#### What you should do
Begin at the line holding "Stroll on back" and set down exactly each line through the last one below, omitting pictures. Include nothing else.

+ + + + +

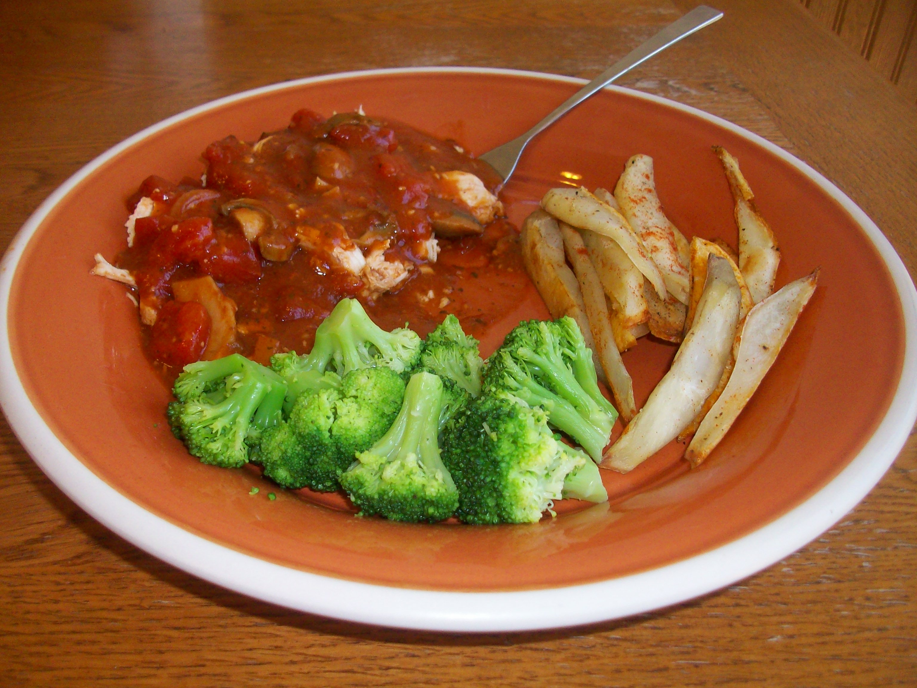 Dinner on Wednesday was delicious. It was slow cooked chicken. 3 Chicken breasts boiled in pasta sauce with mushrooms and green peppers. I expected the chicken to be dry. Nooo way! It was fall off the bone soft and juicy! Mmmmmm. You know how pulled pork looks? When I cut this chicken, it looked like pulled pork 🙂
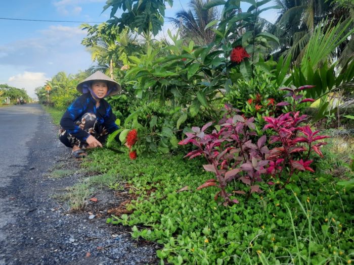 Chị luôn là người gương mẫu đi đầu trong các phong trào của địa phương, giữ gìn đoàn kết xóm làng, tham gia cùng chi hội phụ nữ ấp vận động hội viên phụ nữ đăng ký phong trào thi đua và thực hiện CVĐ “Xây dựng gia đình 5 không, 5 có và 3 sạch”: thực hiện đoạn đường “Trồng cau kiểng”, “Đoạn đường hoa” dài 1.800m; cắt tỉa, làm cỏ, dọn dẹp vệ sinh,... vận động các hộ gia đình xây dựng nhà tắm, hố xí hợp vệ sinh; không vứt rác, động vật chết xuống sông, kênh rạch, ngoài đường; không ảnh hưởng môi trường xung quanh, cải tạo cảnh quan môi trường, làm hàng rào, cột cờ và trồng hoa trước nhà tạo vẻ mỹ quang xanh, sạch, đẹp cảnh quang sinh sống môi trường xung quanh.
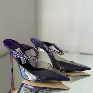 New Jimmy Choo Bing Crystal Clear Mule Pumps $1,150 37.5
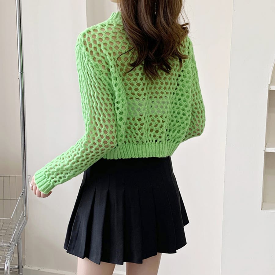 メッシュニット 透かし編みトップス ショート丈
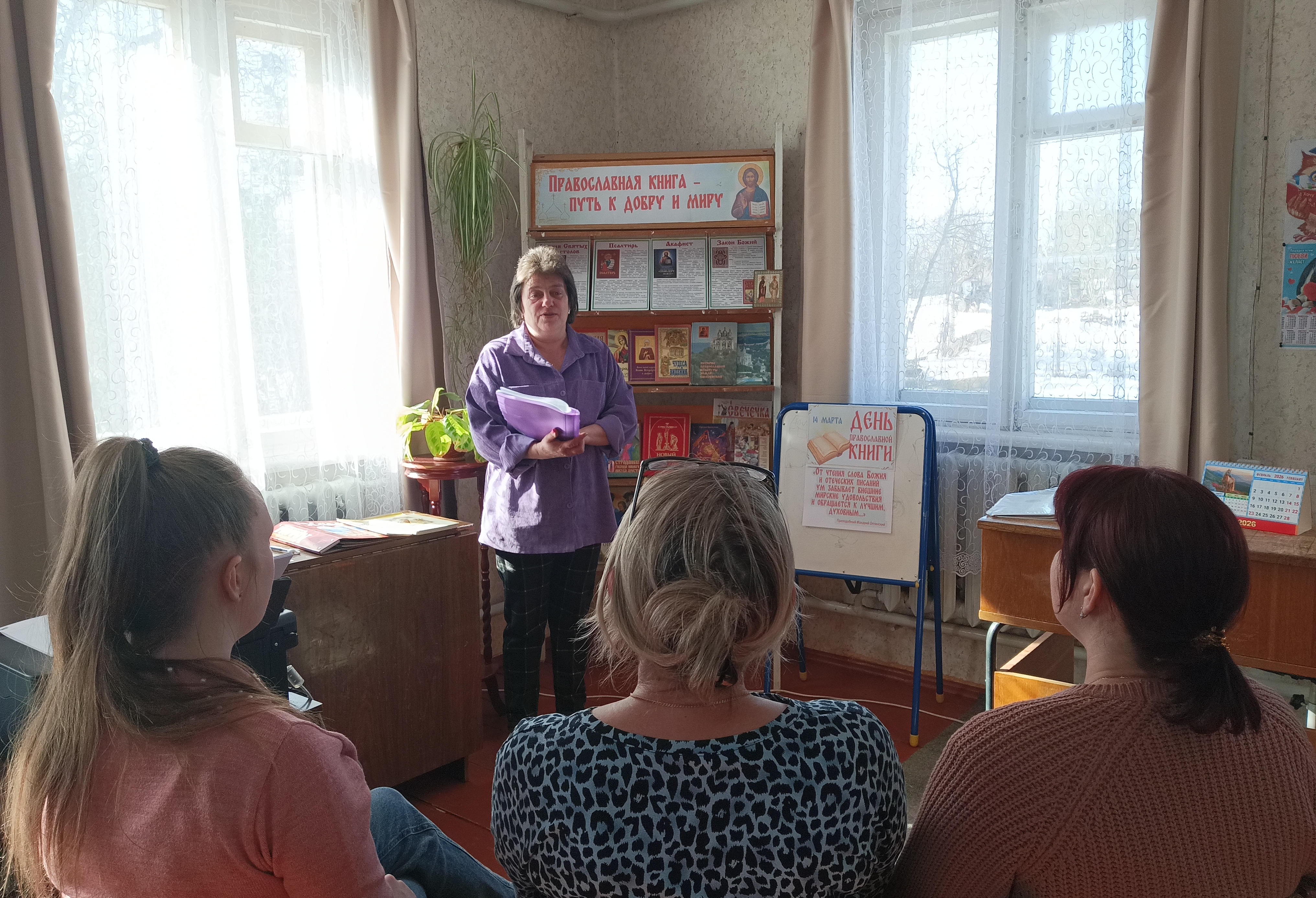 В преддверии Всероссийского Дня православной книги библиотекарь внестационарных форм обслуживания центральной библиотеки Апенченко И.И. провела час православной книги «Живое слово мудрости духовной» для участников клуба «Золотого возраста». Ведущая рассказала об истории праздника, связанного с изданием первой печатной книги на Руси «Апостол» и провела обзор одноименной книжной выставки с новинки православной литературы, в том числе современных авторов.
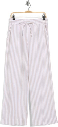 Lightweight linen means you'll feel great all day in these striped, wide-leg pants that are topped with an adjustable drawstring waist.
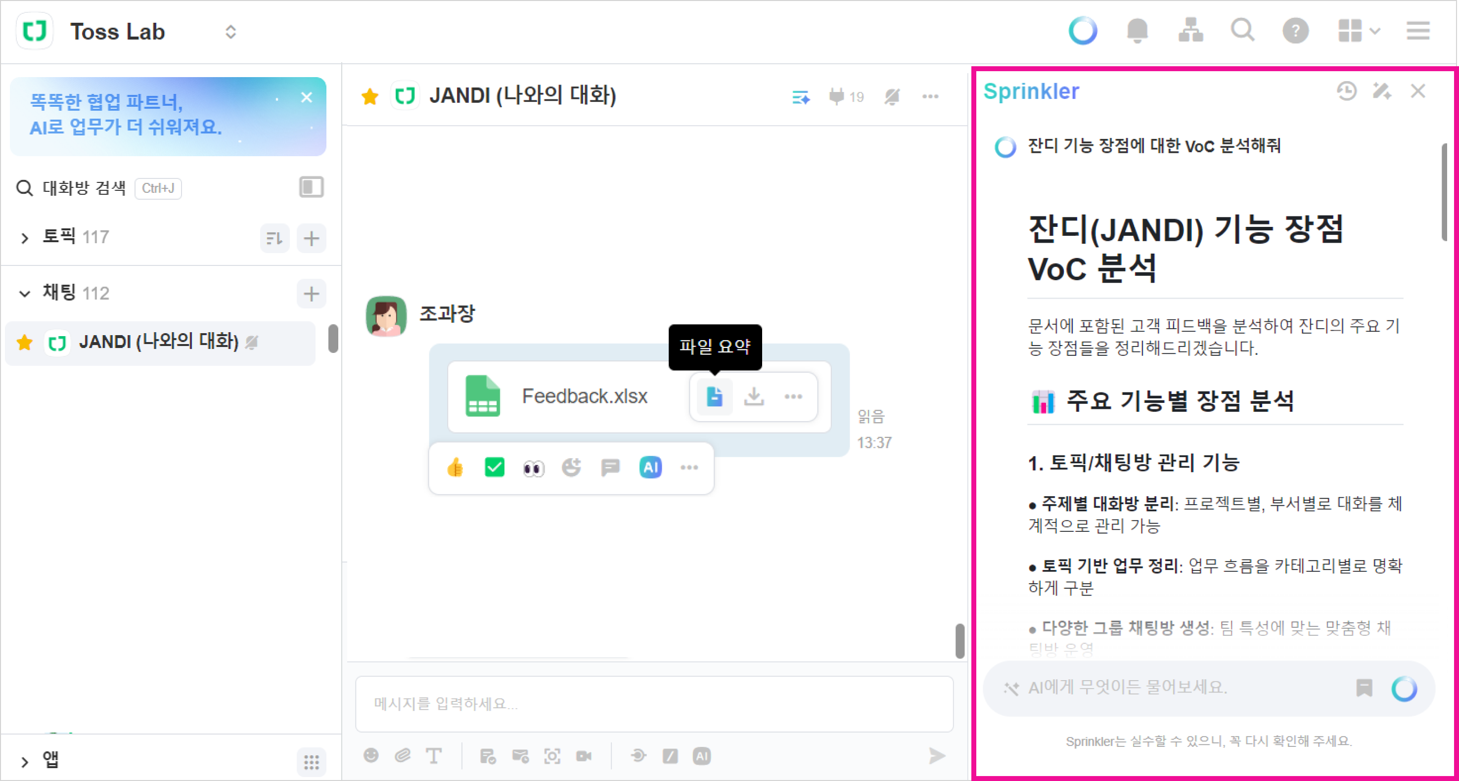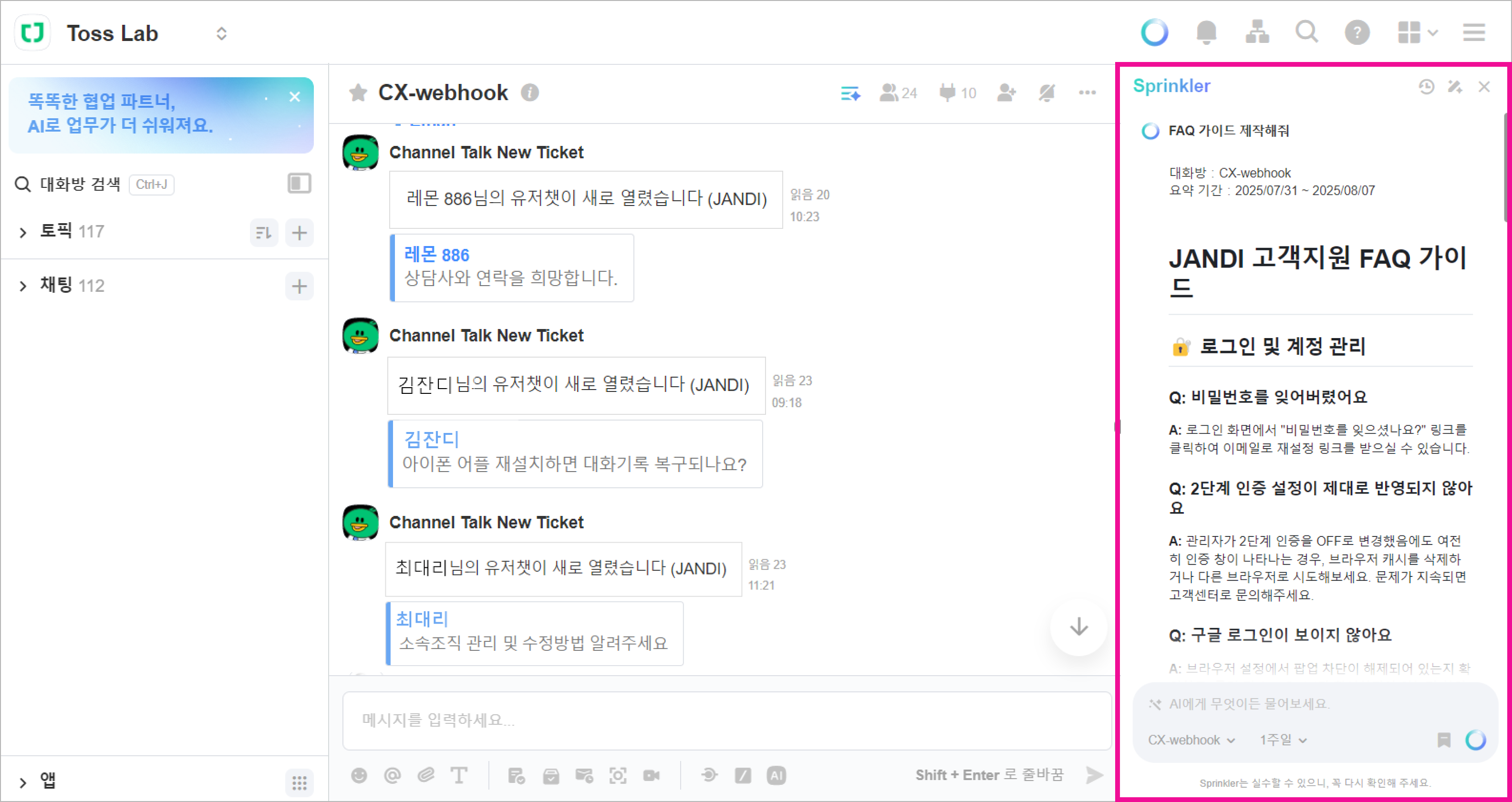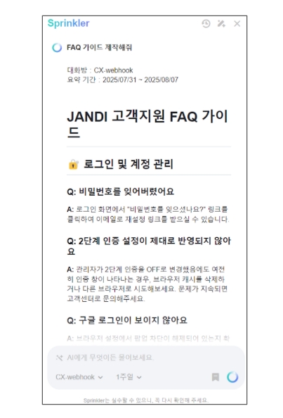 잔디 AI 기능은 Sprinkler를 활용하면 VoC(고객의 소리)를 분석하고 FAQ 가이드를 손쉽게 제작할 수 있다는 사실 알고 계셨나요?
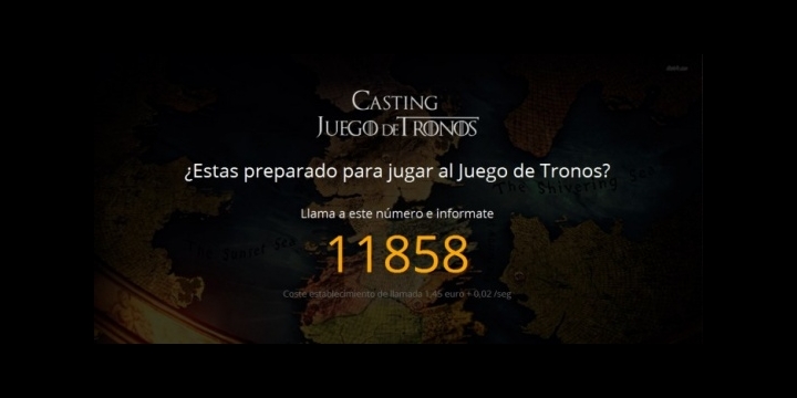 Como podemos ver en la imagen anterior, el 11858 se corresponde con el número de teléfono que publicaba la página web “castingjuegodetronos.com”, un servicio de tarificación especial al que el público llamaría para informarse sobre el casting de la serie.
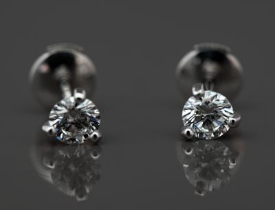 Paire de puces d’oreilles en or blanc 18k serties à 3 griffe…
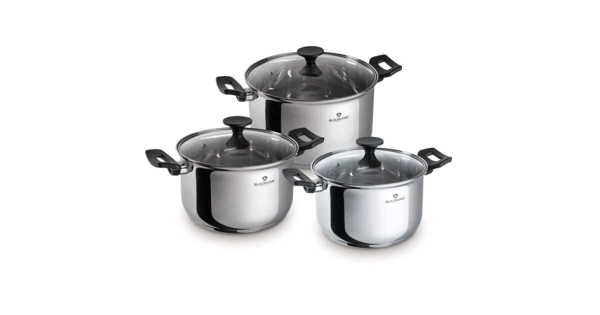 Blaumann Gourmet Line Set Posuda od Nehrđajućeg Čelika - 6 dijelova, sa Staklenim Poklopcima
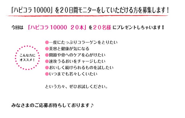 キレイになりたい人なら、まず知らない人はいない!というほどメジャーな美容成分といえば、”コラーゲン”!でも、コラーゲンならなんでもいいというわけではないのですやっぱり、必要な量をしっかり取り込みやすくなくっちゃね!ということで、飲んでみたのがこちらニッタバイオラボさんの『ハピコラ10000』!… 2014/12/15
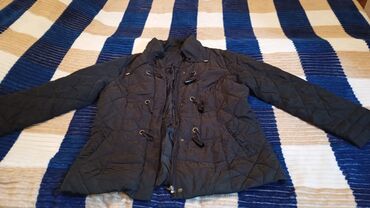- Göy rəngdə, quilted (romb tikişli) nazik qışlıq/qalın payızlıq pencək. Ön hissədə dekorativ bağlama elementləri və gizli fermuar; uzunqol, yüngül və isti. razmeri 44
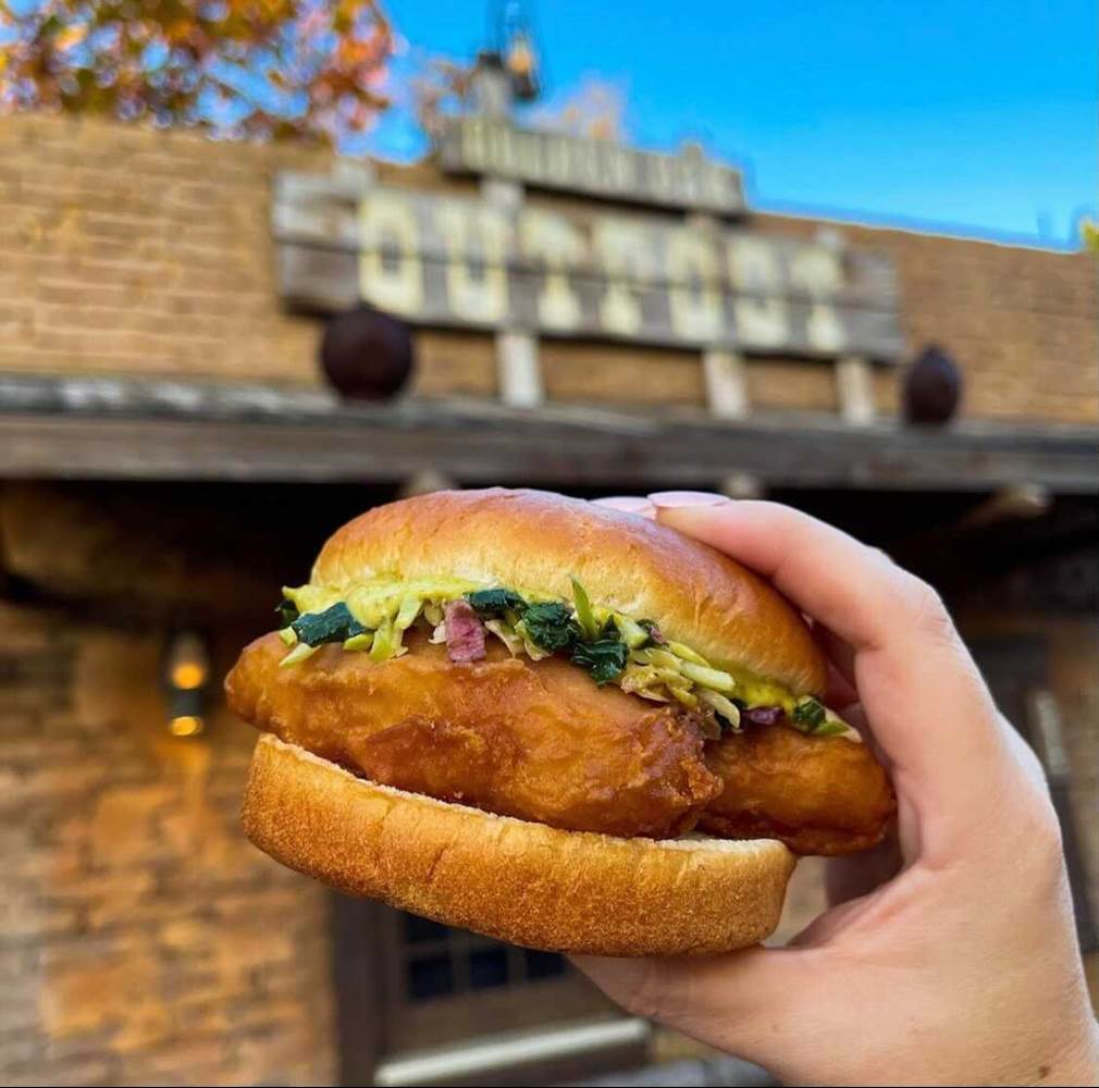 Stroll on back to Frontierland to the Golden Oak Outpost for the Slue Foot Sue Fried Fish Sandwich! The sandwich includes a cilantro lime slaw and poblano mayonnaise for $12.99.
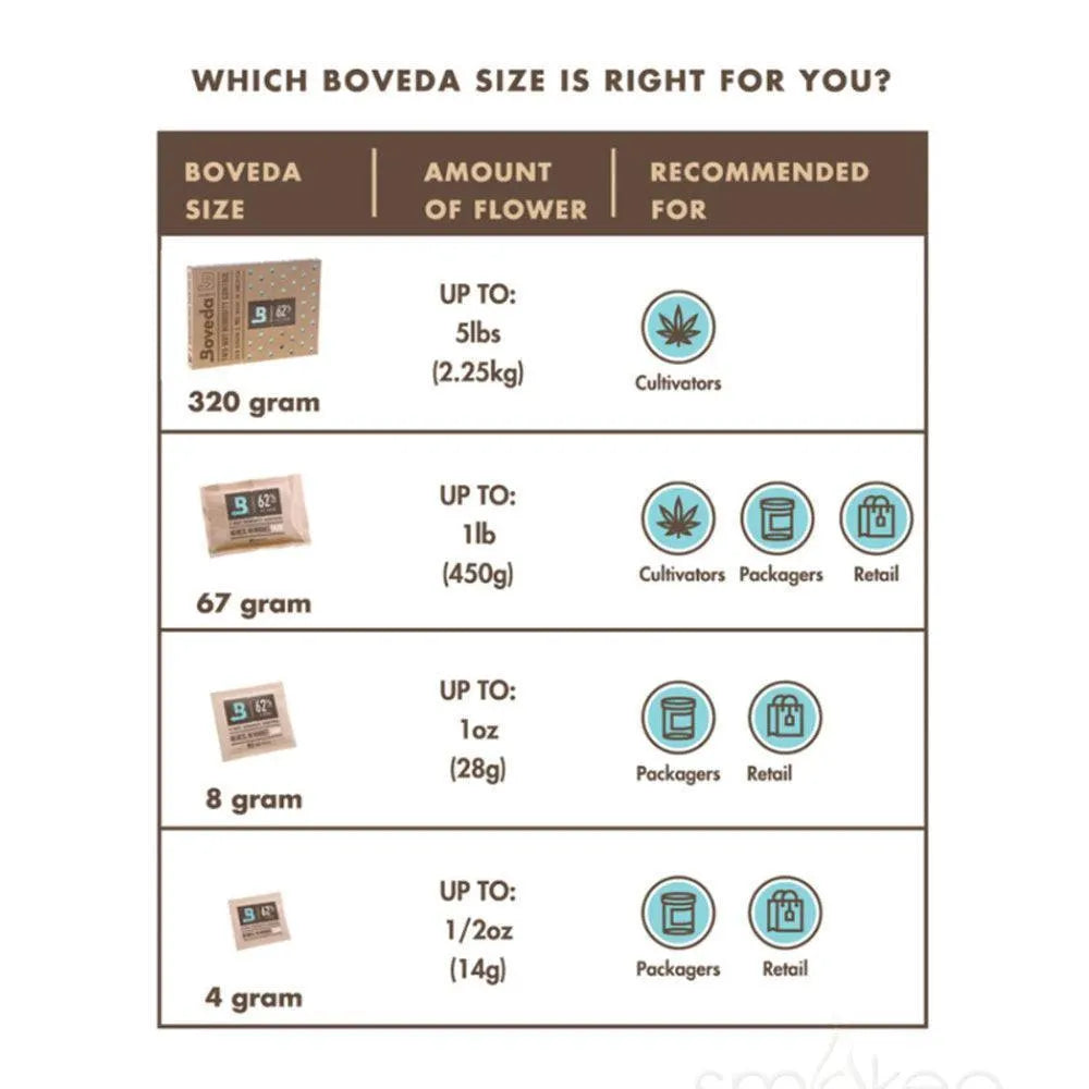 Boveda maat 4 is perfect voor kleine containers, kleine zakjes en pre-roll blikjes. Meer nodig? Boveda is beschikbaar voor elke containermaat en opslagfase. Ervaar zelf hoe veel beter het is met Boveda. Plaats gewoon Boveda in je container met je kruiden en sluit het deksel. Zo eenvoudig is het.
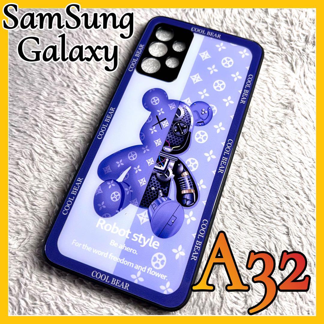 SamSung Galaxy A32ケース TPU強化カラス 青色 可愛い お洒落 BEAR カメラ保護 サムスン ギャラクシーA32カバー

+ + + + +

#### Response to this task
 Stroll on back to Frontierland to the Golden Oak Outpost for the Slue Foot Sue Fried Fish Sandwich! The sandwich includes a cilantro lime slaw and poblano mayonnaise for $12.99.
 Boveda maat 4 is perfect voor kleine containers, kleine zakjes en pre-roll blikjes. Meer nodig? Boveda is beschikbaar voor elke containermaat en opslagfase. Ervaar zelf hoe veel beter het is met Boveda. Plaats gewoon Boveda in je container met je kruiden en sluit het deksel. Zo eenvoudig is het.
 SamSung Galaxy A32ケース TPU強化カラス 青色 可愛い お洒落 BEAR カメラ保護 サムスン ギャラクシーA32カバー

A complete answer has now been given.